Brevard, Volusia nonprofits battle single-use plastics polluting beaches, killing wildlife

Nearly 80 percent of dead sea turtles had plastic trapped in stomachs

By Lisa Bell - Anchor

BREVARD COUNTY, Fla. - Memorial Day weekend marks the unofficial start to summer and while thousands of people will be heading to Central Florida's coast, a small tribe of people will be working to protect Florida's water and wildlife.

The nonprofit Mission Clean Beaches studies, cleans and battles to protect Florida's marine ecosystems and recently received a big boost, from Florida Gov. Ron Desantis.

Marine biologist Nikia Rice has dedicated her life to researching and cleaning plastic from Brevard County's coast. She started Mission Clean Beaches seven years ago after a walk on the beach.

"The first thing that I saw out here was an entire plastic bottle of salad dressing and it just really got to me," Rice said. 

Since then, she has hit the shores every week looking for plastic in the sand, especially in areas like the Archie Carr National Wildlife Refuge, a critical nesting habitat for sea turtles.
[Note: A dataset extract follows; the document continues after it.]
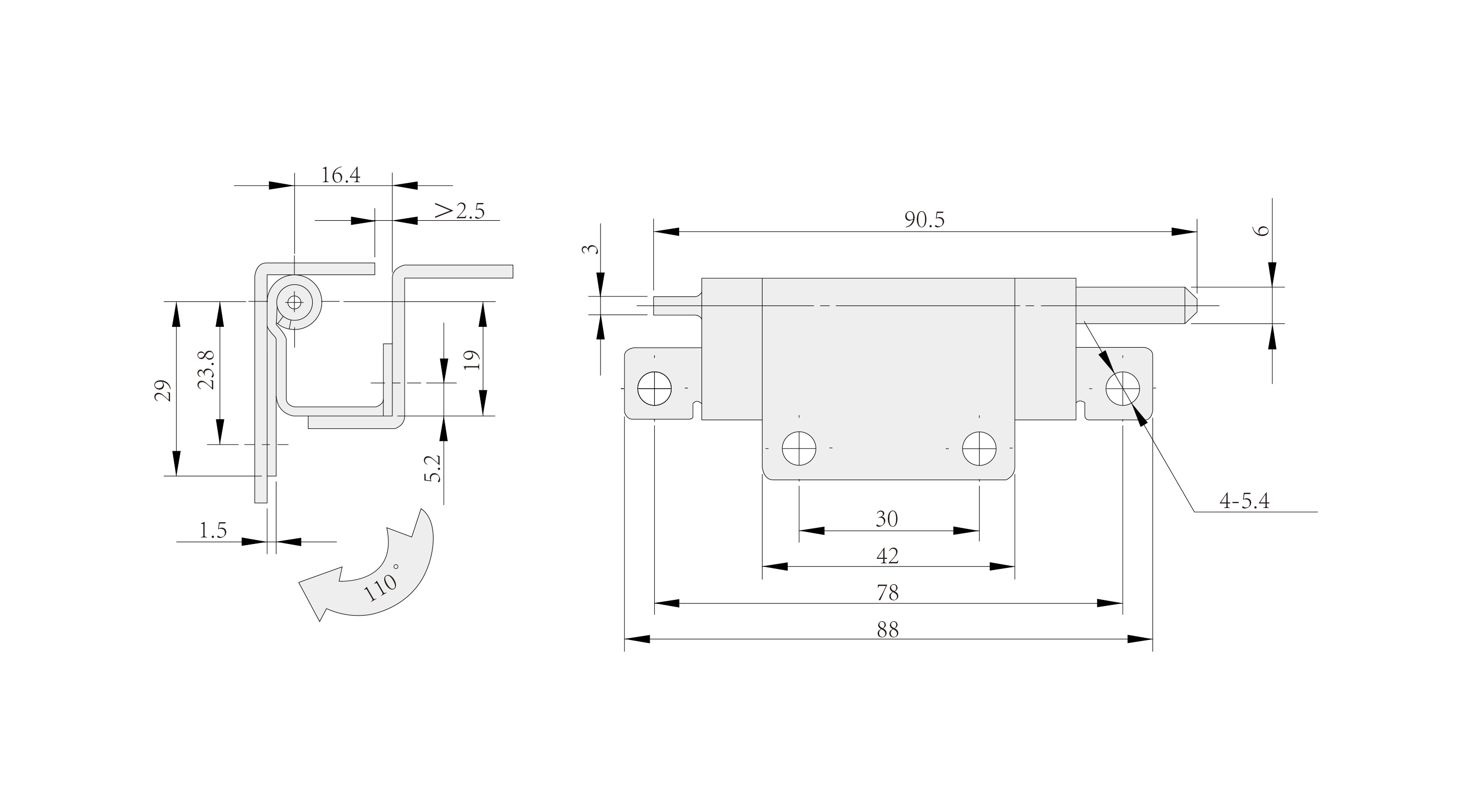 Structure Description: Maximum opening angle 110°

"You do have to kind of get an eye for it, but once you actually get down here and start looking, that's when you start to realize how many plastics there really are," said Rice. "That's the bad thing about plastic. It never goes away, it just breaks down into smaller and smaller and smaller pieces."
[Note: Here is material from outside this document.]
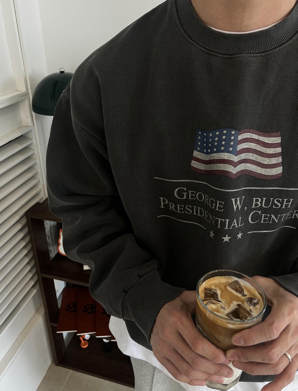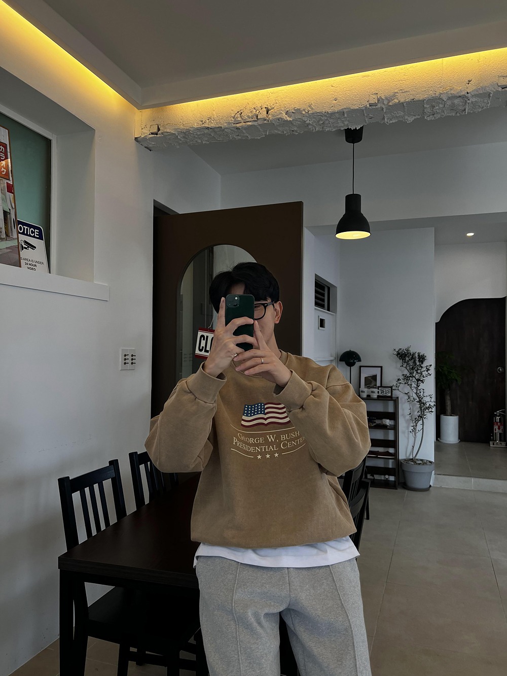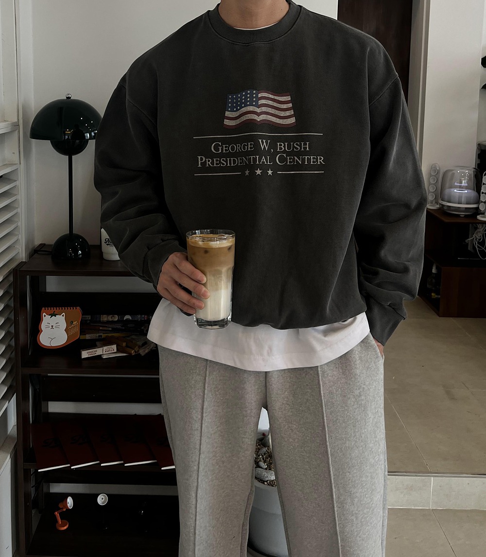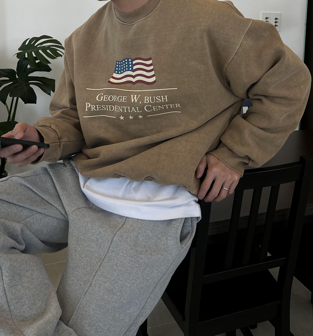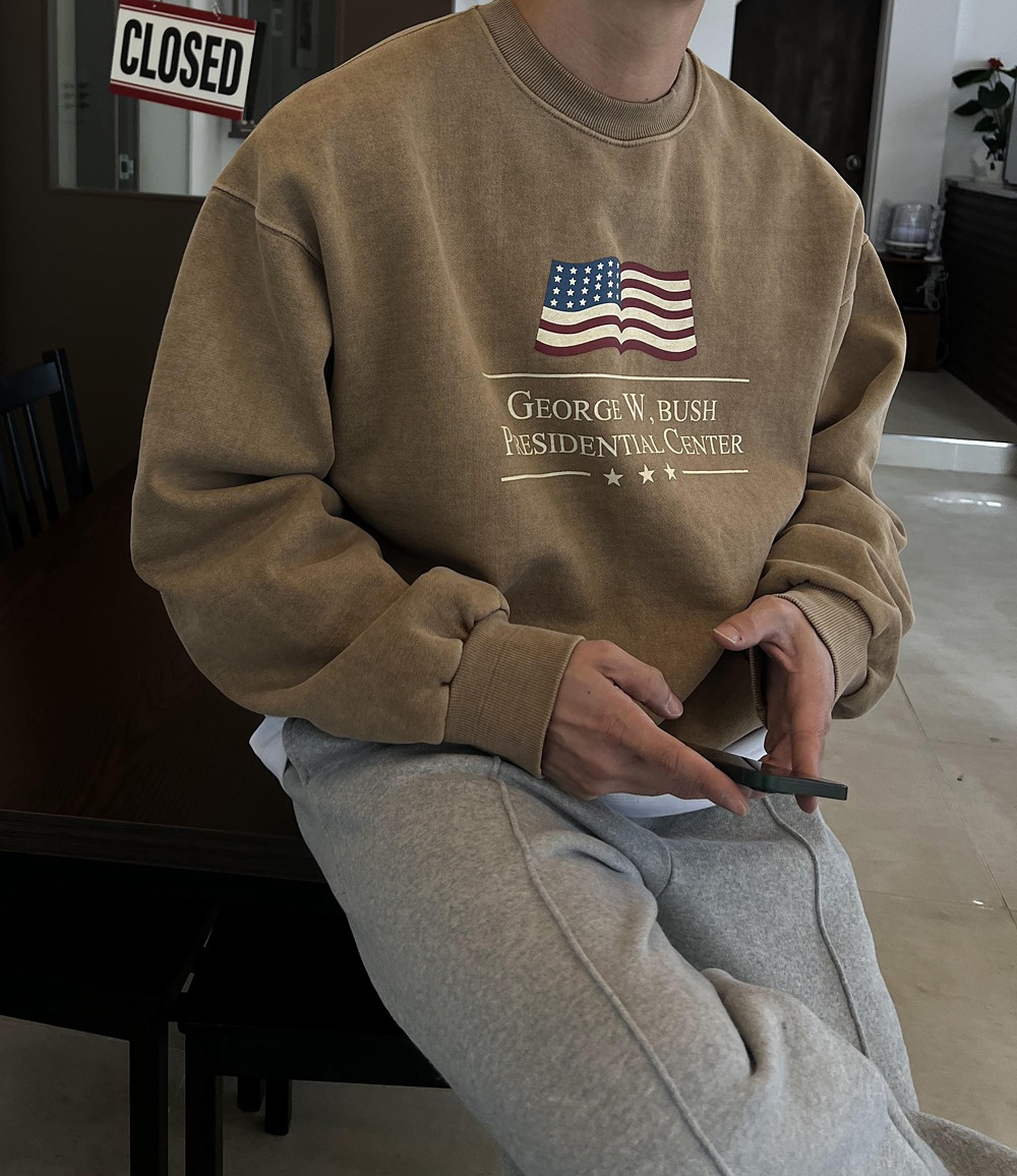 厚實美式復古水洗棉印花內抓絨大學T 4色 1222

Rice has performed necropsies on about 400 dead sea turtles found along Brevard County's beaches. She said nearly 80 percent had plastic trapped in their stomach. In one baby sea turtle alone, Rice found 166 tiny pieces of plastic.

"Roughly 40 percent of all plastics that are consumed every year by us are single use," said Chad Truxall, the executive director of the Marine Discovery Center in New Smyrna Beach. "That's a huge amount of plastics."

Both Rice and Truxall have been on the front lines raising awareness, advocating for plastic straw bans, and limits on single use food containers and plastic bags. In the past few years, several cities have enacted or are considering those bans, including New Smyrna Beach.

However, this spring, the Florida Legislature voted to prevent communities from banning straws, prompting Desantis to issue his first veto.  Rice and Truxall were pleasantly surprised.

"It does set a tone statewide now on how we need to move forward with the single use plastic issue," said Truxall. "To me this is a start, if we have some type of policy with the straw, I think we're going to get a lot more movement with businesses wanting to do the right thing."

Both are hopeful people will be more mindful when it comes to plastic. Whether it's refusing straws at restaurants or choosing food items packaged in glass or cardboard versus plastic, they say every person can make a difference.

"One of the mottoes I try to go by is, if you're a part of the problem, which we all are just in our every day life, then you can be a part of the solution," said Rice.